In ‘Broken Relationships’, the artist’s reminiscence of his childhood memories spent in Quang Ngai, his father’s migration from the North to Central Vietnam in the 1970s, and his current life on the periphery of Saigon, have given shape to this exhibition, which consists of three series of paintings (twelve images in total), of acrylic on hessian fabric. An array of non-linear spatiotemporal panoramas altogether exudes a dystopian atmosphere in this body of work — a desolate seashore at the dead of night (‘A Horn-eyed Ghost Crab’); a withered, decayed farm plot thirsty of its past vitality (‘Thirst’); a filthy canal sprinkled with people swimming, in seeming bliss (‘Black Tide’); an emptied, hollow construction filled with dusty darkness (‘Bleak Windows’); a stained dirty glass pane washed with streaks of rain (‘Dust’). With wet-on-wet technique (spraying the painted surface with water to desired effect) Thach’s scenery tosses into life and starts sobbing. In his paintings, human bodies appear in a state of powerlessness, as silhouette, sometimes in complete absence, as if swallowed by the vastness of the devastating landscapes. Be it humans in despair or landscapes in ruin, all are stuck in limbo: somewhere between what they yearn for, and what reality has to offer.

For Thach, art is not only to compress fragments of life onto canvas (especially in times of normalized inequality, as the artist phrases it), but also to seek to understand the intangible relationships and moral boundaries among his depicted subjects. Who, and for what, are we held responsible or accountable for our actions? In ‘Cold Grey’, Thach confronts a coordinated front of men, all dressed in high-necked suits with white collars, which are so aggressively smudged/smeared/splashed that their identification becomes anonymous. Interestingly, while the ‘Portrait’ series defies the authoring of any real person, they still fulfill the mediative role of reflecting and revealing the tension (between those of power and those in powerlessness) among Thach’s subjects. Reminiscent of Marlene Dumas or Francis Bacon in its haunting treatment of paint and composition, the ‘Portrait’ series possesses repetitive motif of an explosive mouth (‘Untitled 2’); blood-stained and tortured (‘Untitled 1’) or sinisterly half blindfolded faces (‘Untitled 3 and 4’)— each canvas screaming, bursting in terror, tears, shivering in fear—all these paintings reveal human vulnerability in their darkest times of wounded suffering. The ‘Portrait’ series was the first to be developed for this exhibition, these paintings taking root with the legacy of ‘action painting’ (a post-World War II movement of the 1940s, which emphasized the physical act and gesturality over the final result of the paintings); and the early figurative art of a revered Vietnamese painter Đỗ Hoàng Tường, whom the artist particularly credits with great respect. Here with his own portraits, as if in imagined conversation with so many world renown portrait masters, he employs paint brushes invented from ordinary objects or found by chance—for example, an ordinary kitchen knife or the ‘caulker’ (a mason’s tool that was absentmindedly left at his house after reconstruction) –  tools with function to scrape, smear and flatten; techniques that the artist claims as describing his conceptual frame for examining his social world in this exhibition. 

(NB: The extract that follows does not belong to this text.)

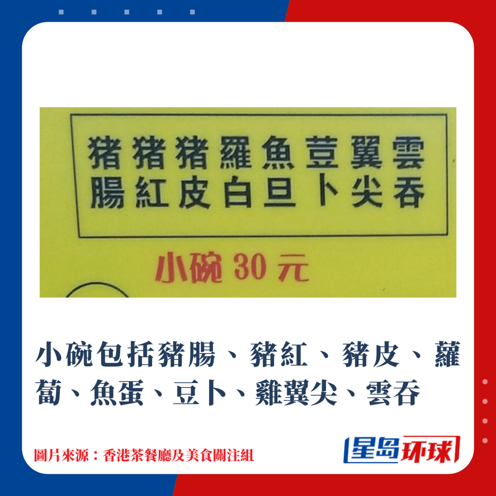 ▲小碗包括豬腸、豬紅、豬皮、蘿卜、魚蛋、豆卜、雞翼尖、云吞。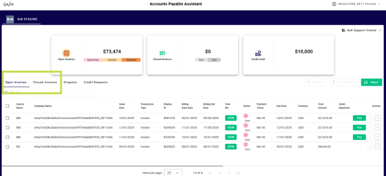 4. Click on the "Open" or "Closed" invoices tab to view or search for the invoice you are disputing.

Nguyễn Ngọc Thạch’s ‘Broken Relationships’ reveals the artist’s anxiety towards contemporary life in which the social contract that binds humanity together as a society is broken, in which our ethics are packaged as commodity, in which our conscience is alienated from our labour. While blame is always easier than any attempt at understanding, Thach offers us a moment (both calm and intense) to enquire, to ask ourselves how we each engage this chaotic matrix of global social order. As J. J. Rousseau once suggested, since no man has natural authority over his fellow, we are left with only agreements; thus on which grounds then should we agree upon, before entering any social relationship?